### Problem requirements
Restate the listing below word for word, and leave its pictures behind.

Dataset records: Begin

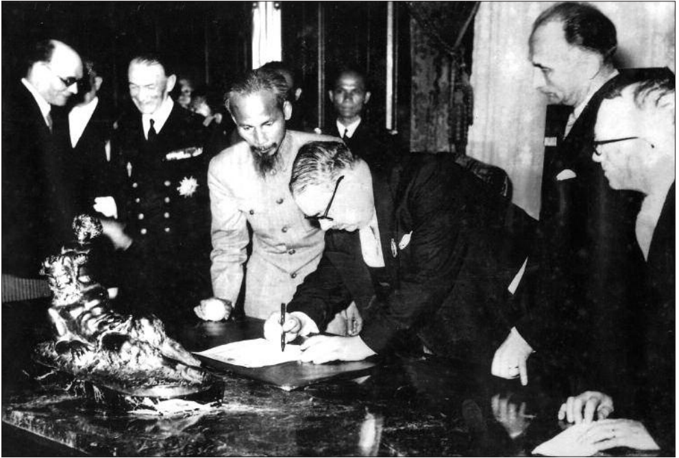
Chủ tịch Hồ Chí Minh ký Tạm ước ngày 14 tháng 9 tại Pari (14-9-1946)
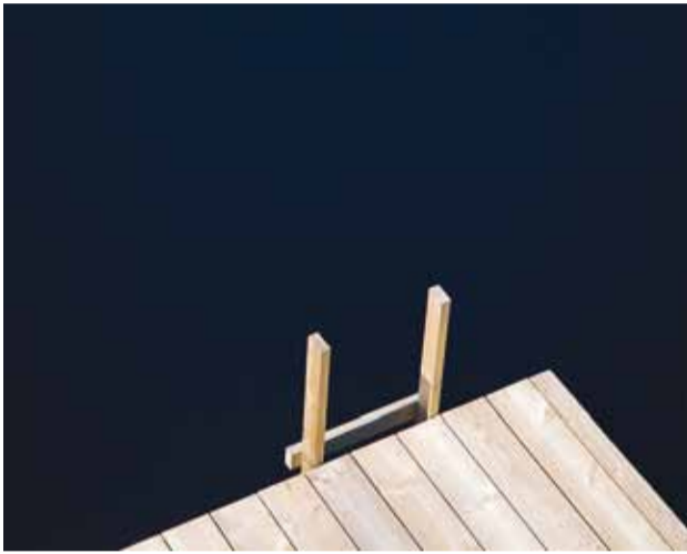
Palju olulisem eesmärgile jõudmisest on teekond selle sihi suunas.

Küllap see küsimus vaevab meid igäht aegajalt, olgu siis üksikisikuna või kogukonnana, ja loomulikult ka ühiskonnana. Samas ühe probleemina võiks vast seejuures esile tõsta hoopiski selle, et me tõttame edasi küll, kuid teadmata tegelikult kuhu. Sest kui silmsil on vaid väikesed eesmärgid, on kaugemad sihid puudulikud ning nii võib tulevik päris tume paista.
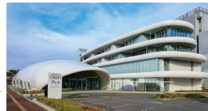
74 TOTOミュージアム 所在地/小倉北区中島2-1-1 竣工/2015年 設計/榑梓設計
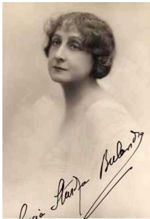
Lucia Sturdza Bulandra
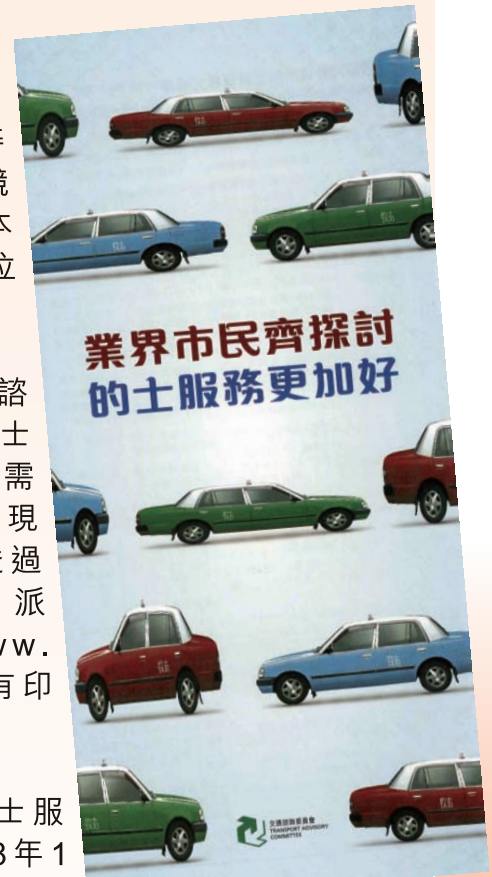
業界及公眾諮詢文件

歡迎的士業及市民就文件第9頁至第10頁有關香港的士服務收費模式、服務模式和質素等方面發表意見，並於2008年1月31日前以下列方式交回：

Dataset records: End

### Written answer
Chủ tịch Hồ Chí Minh ký Tạm ước ngày 14 tháng 9 tại Pari (14-9-1946)
Palju olulisem eesmärgile jõudmisest on teekond selle sihi suunas.

Küllap see küsimus vaevab meid igäht aegajalt, olgu siis üksikisikuna või kogukonnana, ja loomulikult ka ühiskonnana. Samas ühe probleemina võiks vast seejuures esile tõsta hoopiski selle, et me tõttame edasi küll, kuid teadmata tegelikult kuhu. Sest kui silmsil on vaid väikesed eesmärgid, on kaugemad sihid puudulikud ning nii võib tulevik päris tume paista.
74 TOTOミュージアム 所在地/小倉北区中島2-1-1 竣工/2015年 設計/榑梓設計
Lucia Sturdza Bulandra
業界及公眾諮詢文件

歡迎的士業及市民就文件第9頁至第10頁有關香港的士服務收費模式、服務模式和質素等方面發表意見，並於2008年1月31日前以下列方式交回：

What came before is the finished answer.